In the “dose and administration” section of the SPC from the FDA, it was advised to take levocetirizine (5 mg) in the evening, advice that was not provided in the SPC from the HAT or EMA.

Hypersensitivity to cetirizine was considered to be a contraindication in the SPC from the EMA and FDA, but this information was not present in the “contraindications” section of the SPC from the HAT. Moreover, levocetirizine was contraindicated for patients undergoing hemodialysis in the SPC from the FDA, but this information was not specified in the SPC from the EMA or HAT.

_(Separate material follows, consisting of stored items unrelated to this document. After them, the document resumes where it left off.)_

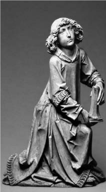
4. Tilman Riemenschneider, Angel svečonosec, Victoria and Albert Museum, London, 1490–1500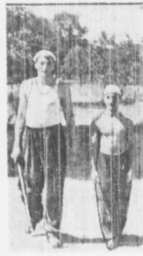
Spacerują po ogrodach C. I. W. F.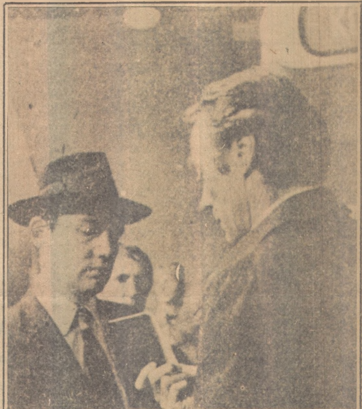
"Firefox - A Raposa de Fogo" continua em cartaz no Plaza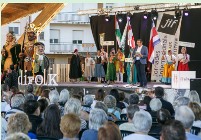
Acte de cloenda al Cobert de la Màquina de Batre amb els grups participants.

El municipi ha acollit la cloenda de la 52a edició de les Jornades Internacionals Folk-lòriques de Catalunya on enguany l'Índia, Geòrgia i Costa Rica han estat els països convidats i l'esbart santfruitosenc Som Riu d'Or hi ha pres part en representació de Catalunya. Els geganters i grallers del municipi també han mostrat la seva imatgeria.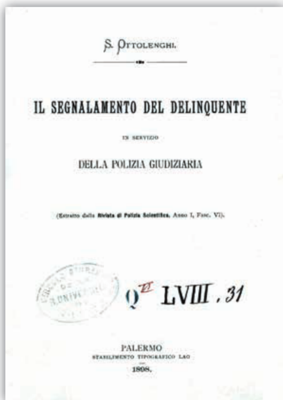
Figura 2. Salvatore Ottolenghi, Il segnalamento del delinquente in servizio della Polizia giudiziaria

quando dai dati comunicati si riesce a scoprire la persona ricercata” (Ottolenghi, 1898, p. 15). Motivava l’affermazione nel seguente modo: “I lineamenti del viso se non sono studiati scientificamente non servono a nulla; paiono uguali [...]. Occorre uno studio in cui all’impressione soggettiva venga sostituendosi più che è possibile quella oggettiva, eliminando il più possibile l’apprezzamento dell’individuo. [...] La colpa sta nel ritenere la capacità di segnalazione del delinquente come proprietà comune intuitiva di qualsiasi persona, senza bisogno di cultura speciale, mentre invece la faccia umana si può ben dire è la pagina di un libro che non si lascia leggere che da chi ne ha appreso l’alfabeto” (Ottolenghi, 1898, pp. 15-16). Il problema fondamentale stava pertanto, a suo avviso, nella necessità di introdurre nuove metodiche ed elementi di identificazione svincolati da ogni impressione soggettiva e di una specifica preparazione dei funzionari di Polizia. Secondo lui, bisognava passare da una “polizia empirica” a una “polizia scientifica” (Ottolenghi, 1898, p. 22).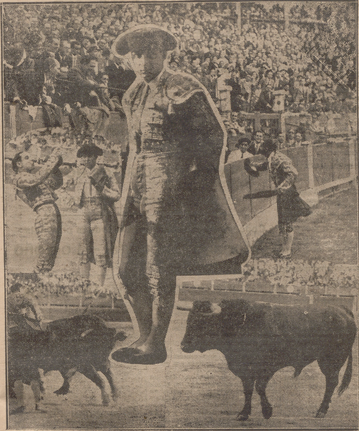
DE LA DESPEDIDA DE BARRERA EN LA CORRIDA DEL DOMINGO.—UN ALTO EN LA VUELTA AL RUEDO. EL ULTIMO BRINDIS DE SU VIDA TORERA. UN PASE DE LA FIRMA. EL ULTIMO TORO QUE MATÓ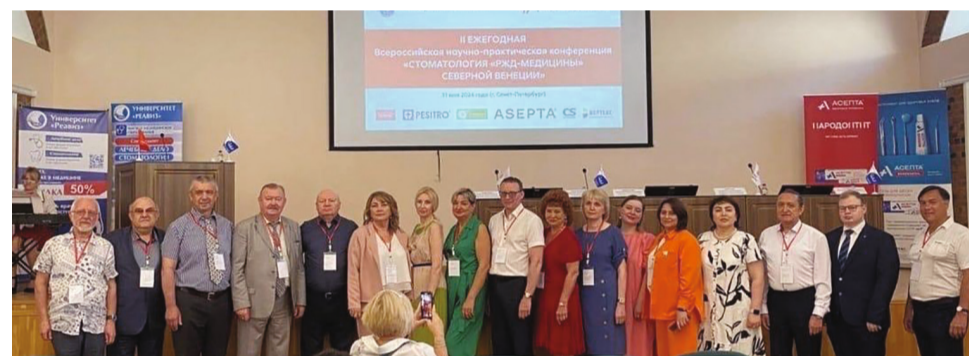
Организаторы, руководители секций и члены жюри конференции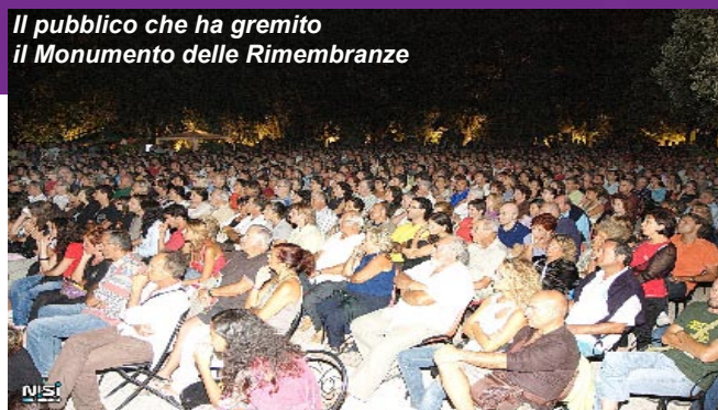
Il pubblico che ha gremito il Monumento delle Rimembranze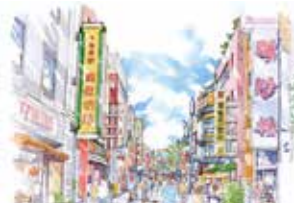
⑫ 横浜中華街大通りを臨む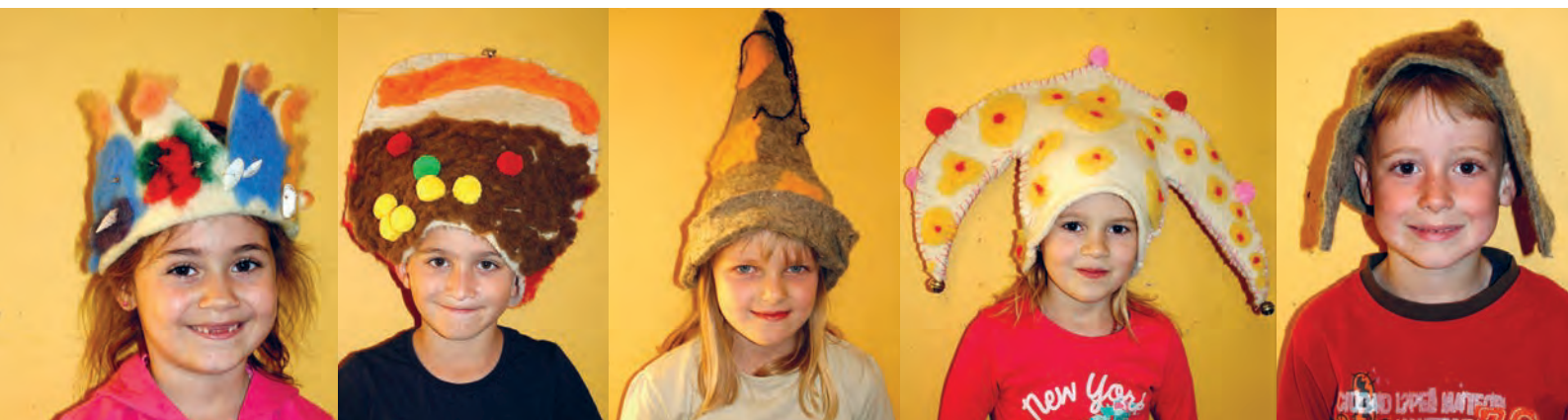
Mit ihren Hüten verwandeln sich die Kinder in Märchenfiguren ... Arielle, Clown, Hexe, Kasperli und Ritter.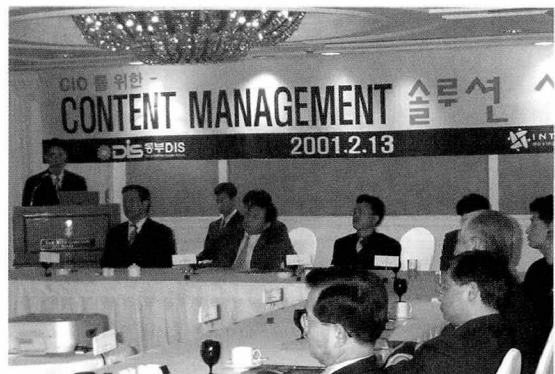
▲ 인터우브 팀사이트 금융권 CIO 초청 세미나 장면

Effect of levocetirizine upon mental alertness was explained in the “special warnings and precautions” section of the SPC from the FDA, but was detailed in the “effects on the ability to drive and use machines” section of the SPC from the HAT and EMA. Levocetirizine use was not recommended in the SPC from the FDA. However, only “caution” during driving and other hazardous occupations necessitating mental alertness was advised in the SPC from the HAT and EMA.

Additional information was given in the “undesirable effects/adverse reactions” section of the SPC from the FDA: (a) as the dose of levocetirizine is increased, the incidence of somnolence increases; (b) movement disorders; (c) undesirable effects such as orofacial dyskinesia, severe hypotension, or cholestasis because levocetirizine is an active compound of cetirizine. This information was not provided in the SPC from the HAT or EMA.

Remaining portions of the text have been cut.